Réalisations marquantes
Mais Hydro-Québec n’est pas la seule réalisation marquante du gouvernement d’Adélard Godbout. Le Québec lui doit trois autres avancées majeures. En effet, tant en matière d’avancées démocratiques que scolaires, le gouvernement d’Adélard Godbout permit de créer les premiers jalons d’une société québécoise plus égalitaire. Tout d’abord, c’est le gouvernement Godbout qui accorde le droit de vote aux femmes, en 1940. Bien que le Québec soit la dernière des provinces canadiennes à étendre ce droit aux femmes, il reste que c’est un pas fondamental en matière d’égalité et de droits des femmes au Québec. C’est aussi ce gouvernement qui est responsable de la mise en place de l’instruction publique obligatoire jusqu’à l’âge de 14 ans et de la gratuité scolaire au primaire. Il est indéniable que ces mesures permirent une meilleure alphabétisation des Québécoises et des Québécois, ce dont le Québec avait grandement besoin.

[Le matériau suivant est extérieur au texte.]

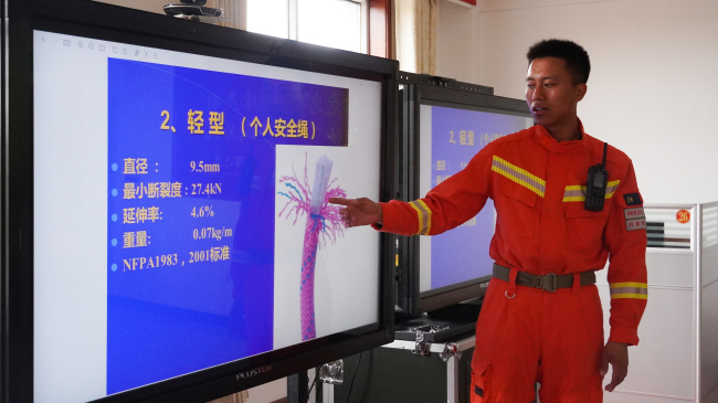 “我们在前期训练时,对装备的爱护程度不够,且许多操作流程不够规范,下面我就来给大家讲一讲咱们需要注意的地方。”训练中,四级消防士雅索安才让将自己的所学所感分享给队友,采取边讲边做的形式,充分讲解绳索救援相关器材装备的用途和穿戴注意事项,重点对绳结制作、锚点架设、微距上升、微距下降、一对一救援、倍力提拉等绳索救援方法及操作规程进行示范,进一步明确了训练的重难点内容。

Ces réalisations anticipent certaines des mesures phares de la Révolution tranquille. Que ce soit l’expansion d’Hydro-Québec, l’avancement du féminisme et les réformes majeures en éducation, les politiques du gouvernement Lesage doivent beaucoup à celles mises en place par son prédécesseur, qui gouverna le Québec près de deux décennies plus tôt.
L’impact et l’importance du gouvernement Lesage et, plus particulièrement, de Jean Lesage luimême sont déjà célébrés dans la nomenclature québécoise. Que ce soit des autoroutes, des boulevards, des édifices, des prix ou des doctrines, des noms comme Jean Lesage, René Lévesque, Paul Gérin-Lajoie, Georges-Émile Lapalme, Pierre Laporte et Claire Kirkland-Casgrain, tous et toutes ministres lors de la Révolution tranquille, sont déjà présents. En nommant le siège social d’HydroQuébec en l’honneur d’Adélard Godbout, monsieur Couillard aurait pu reconnaître à la fois le fondateur de cette grande société d’État, mais aussi l’importance des actions du gouvernement de ce premier ministre oublié et malaimé du Québec.
Oui, l’héritage d’Adélard Godbout n’est pas parfait, surtout sur le plan des relations fédérales-provinciales. On lui doit plusieurs reculs des droits et pouvoirs du Québec au sein de la fédération, principalement dus au contexte historique et politique de la Seconde Guerre mondiale. Cependant, ce n’est pas une raison pour laisser dans l’oubli les autres réalisations de ce premier ministre auquel le Québec doit tant.